Eluca Atalı: İran’ın zindanlarında yaşananları sadece bir tarih olarak değil, insanın dayanma ve direnme kapasitesini gösteren bir gerçeklik olarak aktarmak istedim. Bu hikâyeler göz ardı edilemezdi; sessizliğe gömülmesine izin veremezdim.
Araştırmalarınız sırasında karşılaştığınız en çarpıcı veya unutamadığınız an hangisiydi?

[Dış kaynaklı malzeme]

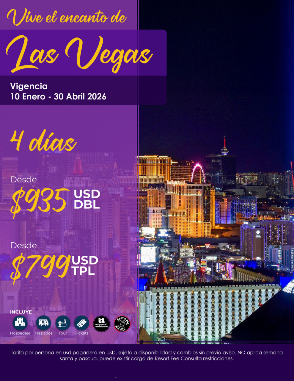 DESDE 4599 USD BASE DOBLE
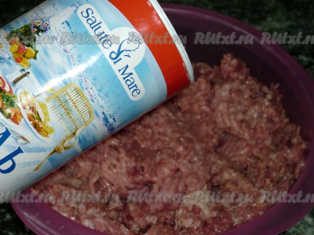 Свинину моем, обсушиваем. Лук и чеснок очищаем. Свинину, лук и чеснок перекручиваем 2 раза на мясорубке. В получившийся фарш всыпаем соль, специи (я в качестве специй добавила чёрный молотый перец и 1 чайную ложку итальянских трав), очень тщательно вымешиваем и кладём в морозилку минут на 15.

Eluca Atalı: Bir mahkûmun gözlerindeki kararlılığı gördüğüm anı asla unutamam. Fiziksel olarak zincirlenmişti ama ruhu hâlâ özgürdü. Bu, kitabın kalbini oluşturan sahneydi.
Zindanlar, hem korkunç hem de karmaşık mekanlar. Oradaki gerçekliği aktarırken hangi kaynaklar veya tanıklıklardan faydalandınız?
Eluca Atalı: Öncelikle, bizzat tanıklık edenlerle uzun röportajlar yaptım. Ardından gizli belgeler ve raporlar sayesinde resmi perspektifi de yakaladım. Ancak asıl güç, kişisel hikâyelerdeydi; kelimelerle anlatılamayan direnişi hissettirmek gerekiyordu.
Kitap sadece bir bilgi aktarımı değil, aynı zamanda okuyucuyu içine çeken bir deneyim sunuyor. Bu hikâyelerin toplumsal etkisi sizce ne olabilir?
Eluca Atalı: İnsanlar gözlerini açtığında sadece haberleri değil, insanın içindeki direnci de görebilir. Sessiz kalmak yerine empati kurmayı öğrenirler. Bu kitap, okuyucuyu harekete geçmeye, farkındalık yaratmaya çağırıyor.
Yazarken etik veya güvenlik açısından zorlandığınız anlar oldu mu?
Eluca Atalı: Her an tehlikeydi. Bazı hikâyeleri paylaşmak güvenlik riskini artırıyordu. Bu yüzden hem mahkûmların hem de kendimin güvenliğini korumaya dikkat ettim. Anlatılacak çok şey vardı ama her şey yazılabilir değildi.
Peki, okuyucularınıza vermek istediğiniz ana mesaj nedir?
Eluca Atalı: İnsanlık, karanlık zamanlarda bile umudunu kaybetmez. Zindanlar sadece acıyı değil, direnişi de gösterir. Bu kitabın temel mesajı, sesini duyuramayanların hikâyelerinin de değerli olduğudur.
Gelecek projelerinizde benzer çalışmalar planlıyor musunuz?
Eluca Atalı: Evet, farklı coğrafyalarda sessiz kalmış hikâyeleri araştırmaya devam edeceğim. Her zindan, her hikâye birer insanlık aynasıdır.